* Directions for this task: Although the records contain pictures, none belong in the copy: restate word for word only the lines from the one with "First Ensemble consists" through the one with "the user to", both included.

* Given records:
┌──
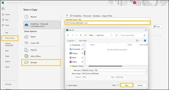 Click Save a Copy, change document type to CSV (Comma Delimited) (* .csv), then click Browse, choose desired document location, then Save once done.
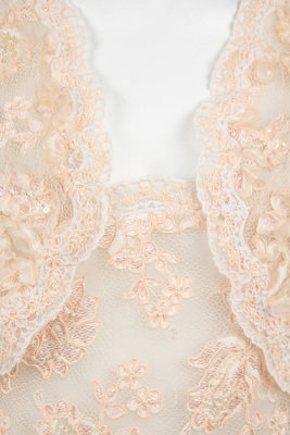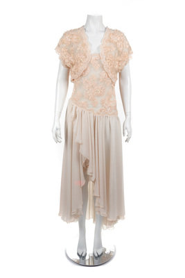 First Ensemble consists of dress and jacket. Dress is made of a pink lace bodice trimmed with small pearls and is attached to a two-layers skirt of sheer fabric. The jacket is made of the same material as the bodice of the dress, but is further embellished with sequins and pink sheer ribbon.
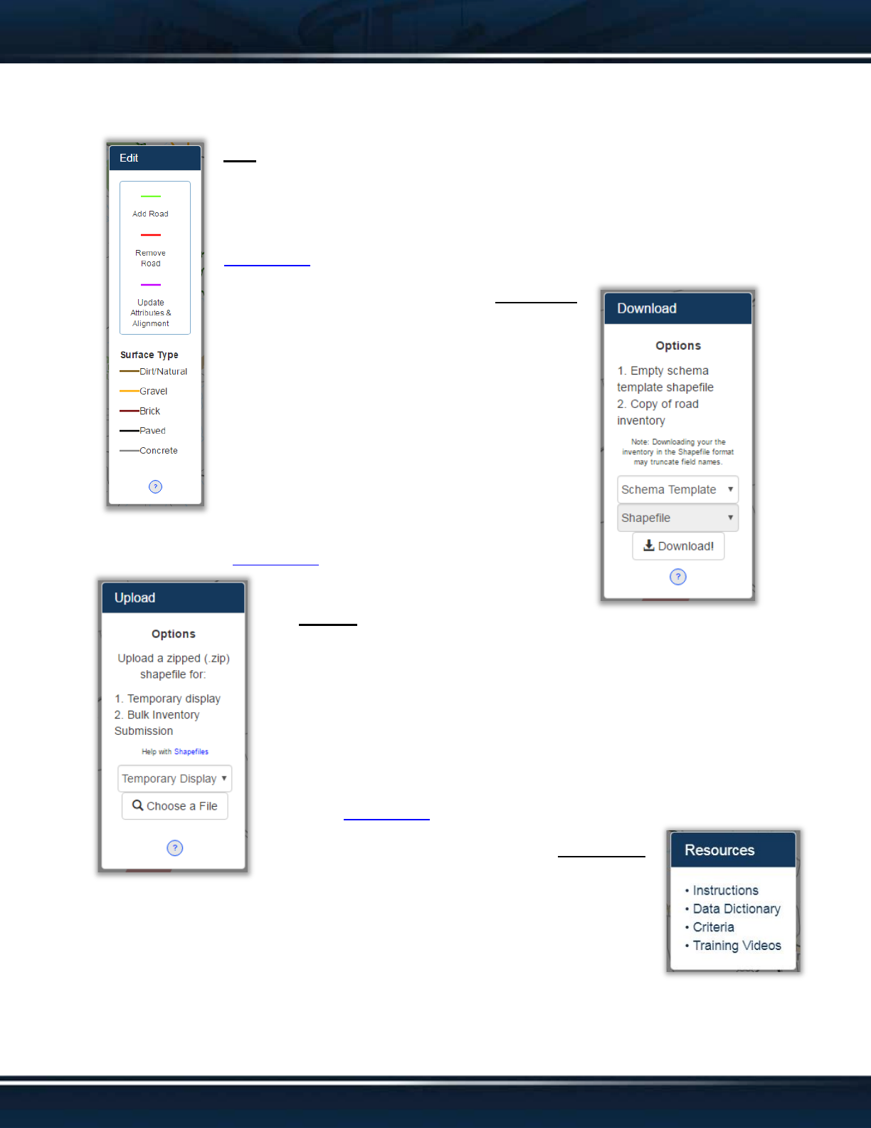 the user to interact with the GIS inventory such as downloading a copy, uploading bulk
└──
┌──
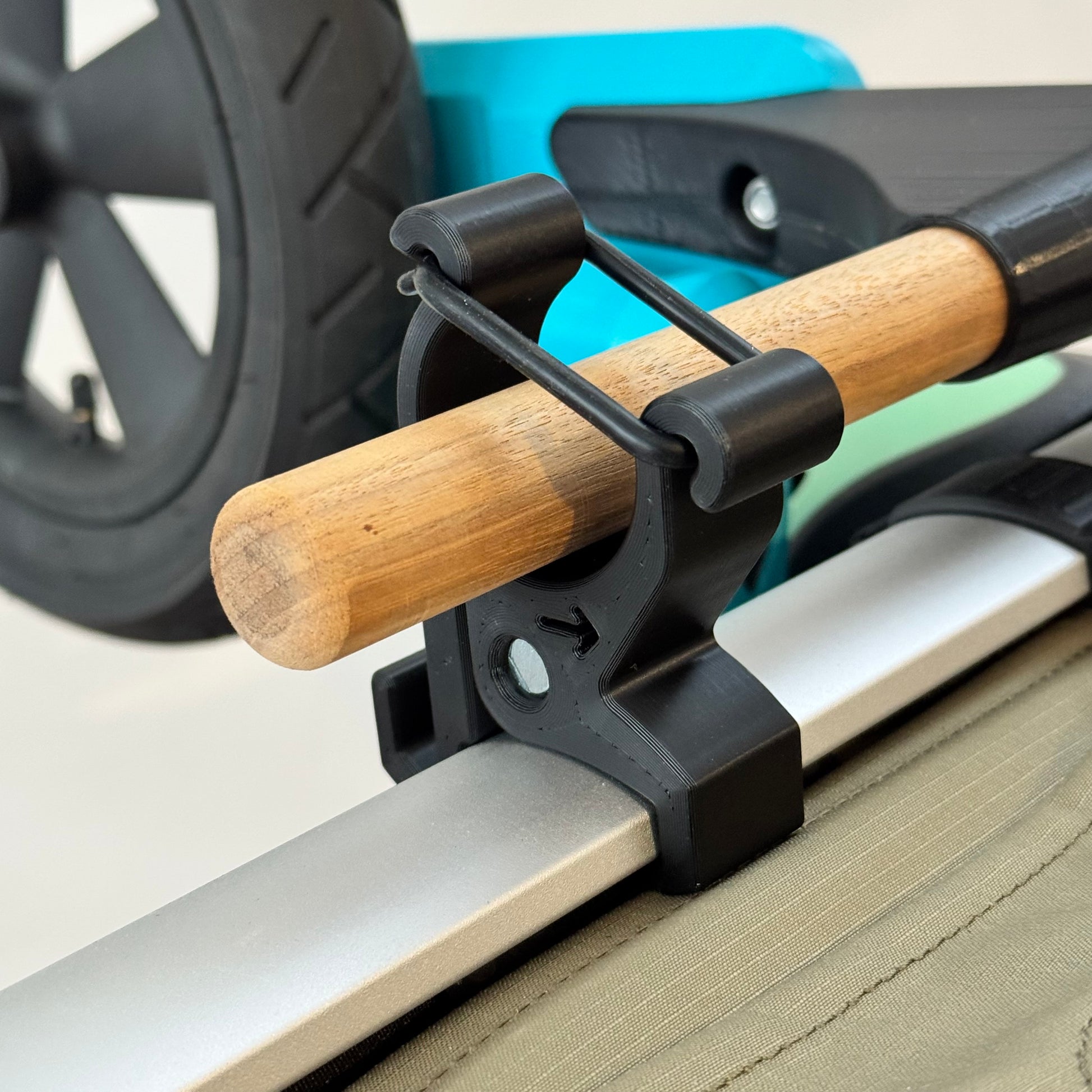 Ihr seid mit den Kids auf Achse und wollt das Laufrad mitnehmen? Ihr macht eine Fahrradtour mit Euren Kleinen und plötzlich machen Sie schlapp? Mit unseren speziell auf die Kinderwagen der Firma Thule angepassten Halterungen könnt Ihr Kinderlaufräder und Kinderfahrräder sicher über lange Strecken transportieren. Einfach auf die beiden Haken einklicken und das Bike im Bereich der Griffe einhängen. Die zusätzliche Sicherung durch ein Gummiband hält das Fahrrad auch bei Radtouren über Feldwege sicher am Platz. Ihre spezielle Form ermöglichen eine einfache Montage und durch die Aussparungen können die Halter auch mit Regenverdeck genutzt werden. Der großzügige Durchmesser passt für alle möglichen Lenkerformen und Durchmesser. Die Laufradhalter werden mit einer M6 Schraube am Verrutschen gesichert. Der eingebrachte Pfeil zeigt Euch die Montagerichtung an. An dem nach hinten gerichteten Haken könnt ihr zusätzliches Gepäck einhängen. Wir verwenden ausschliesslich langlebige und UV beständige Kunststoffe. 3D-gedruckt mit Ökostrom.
└──
* Written response:
 First Ensemble consists of dress and jacket. Dress is made of a pink lace bodice trimmed with small pearls and is attached to a two-layers skirt of sheer fabric. The jacket is made of the same material as the bodice of the dress, but is further embellished with sequins and pink sheer ribbon.
 the user to interact with the GIS inventory such as downloading a copy, uploading bulk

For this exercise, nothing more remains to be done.